Altars of Sol and Luna from Mundelsheim
TNMM 386
In 1989, a Mithraeum with three rooms came to light in Mundelsheim in Baden-Württemberg, to the south-west of the property of a Roman villa rustica discovered in 1925. The building, the outer dimensions of which are 17.6 x 7.2 m, was in use from the first half of the 2nd century C.E. to the beginning of the 3rd. Two rooms, very likely having served as the antechamber and kitchen, precede a spelaeum, the central aisle of which leads up to a socle that was intended to receive a tauroctonic relief. Some of the roughly two hundred sculptural fragments scattered about theground presumably came from this relief. In addition to the reliefs representing Mercury, Cautes and Cautopates, the excavations have revealed two altars with openwork images of Sol and Luna. Executed in red sandstone and attributed to a local workshop, they were originally placed to each side of the tauroctony relief.

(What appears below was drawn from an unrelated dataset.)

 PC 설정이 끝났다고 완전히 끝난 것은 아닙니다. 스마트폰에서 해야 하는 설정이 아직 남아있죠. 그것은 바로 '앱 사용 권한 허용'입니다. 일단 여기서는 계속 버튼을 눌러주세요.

The upper part of the altar of Sol is not preserved. Wearing a crown with seven openwork rays and wrapped in a chlamys, the god has the appearance of a young man with curly hair. Luna, for her part, is represented as a woman with long hair, dressed in a long robe that falls from her left shoulder. The goddess wears an openwork crescent moon upon her head. Similar altars have been found at Bingen (Rhineland-Palatinate, Germany), Bonn (North Rhine-Westphalia, Germany), [Carrawburgh (UK)], and Inveresk (East Lothian, Scotland). Lighted from behind, such objects would have reenforced the theatrical setting that accompanied the ceremonies taking place inside Mithraea.
References
- Bricault, Veymers, Amoroso et al. (2021) The Mystery of Mithras. Exploring the heart of a Roman cult.